◆ Source material:
++++++
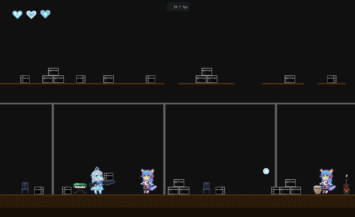 After defeating the boss, the credits are shown during an animated music video that I made with the engine too. During this you can play a small minigame where you shoot fans (with love) whenever the try to climb on stage.On my twitch channel I usually stream myself working on this project and a lot of the thought process was done live. Through those many streams, this game had a lot of changes. For example, I added a rhythm aspect where you need to shoot on the beat to gain invincibility. On top of that I also wanted to make it semi-3D by adding a perspective. However, after a lot of coding and putting too much effort into these aspects, I realized it worked better without those.Same goes for some enemies I created. One shot water at you, one shot bubbles and a couple more. These were there to show what kind of moves Bao would use in her boss fight, but they hindered the flow more than they added!So after all the reworking, I have made a fun precise platformer with a mutiple difficuties, a boss fight and a minigame in one! Where the focus lies on perfecting one mechanic and following the cheesy story of two frieds fighting evil!
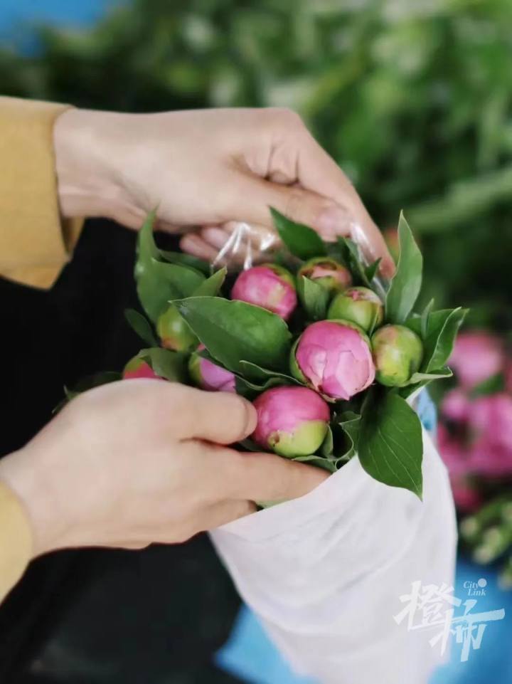 “今年的基地价就要12元/枝,仍然有许多批发商到处想办法拿货,小拇指大小的花苞都要。不少人在冷库里存着一批,就等‘520’时卖一波。”返回杭州前,荞麦包用不符合售卖标准、只能留在田里独自绽放的芍药,做了两个混色抱抱花桶,坐着高铁一路心情顺畅地回杭。手拎的这一路吸足了眼球,被n次问道:这是真花吗?
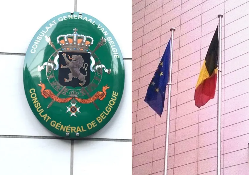 ベルギー大使館に掲げられている国家の紋章と国旗
++++++
Set down the material above exactly. Skip any picture.

◆ Exercise answer:
 After defeating the boss, the credits are shown during an animated music video that I made with the engine too. During this you can play a small minigame where you shoot fans (with love) whenever the try to climb on stage.On my twitch channel I usually stream myself working on this project and a lot of the thought process was done live. Through those many streams, this game had a lot of changes. For example, I added a rhythm aspect where you need to shoot on the beat to gain invincibility. On top of that I also wanted to make it semi-3D by adding a perspective. However, after a lot of coding and putting too much effort into these aspects, I realized it worked better without those.Same goes for some enemies I created. One shot water at you, one shot bubbles and a couple more. These were there to show what kind of moves Bao would use in her boss fight, but they hindered the flow more than they added!So after all the reworking, I have made a fun precise platformer with a mutiple difficuties, a boss fight and a minigame in one! Where the focus lies on perfecting one mechanic and following the cheesy story of two frieds fighting evil!
 “今年的基地价就要12元/枝,仍然有许多批发商到处想办法拿货,小拇指大小的花苞都要。不少人在冷库里存着一批,就等‘520’时卖一波。”返回杭州前,荞麦包用不符合售卖标准、只能留在田里独自绽放的芍药,做了两个混色抱抱花桶,坐着高铁一路心情顺畅地回杭。手拎的这一路吸足了眼球,被n次问道:这是真花吗?
 ベルギー大使館に掲げられている国家の紋章と国旗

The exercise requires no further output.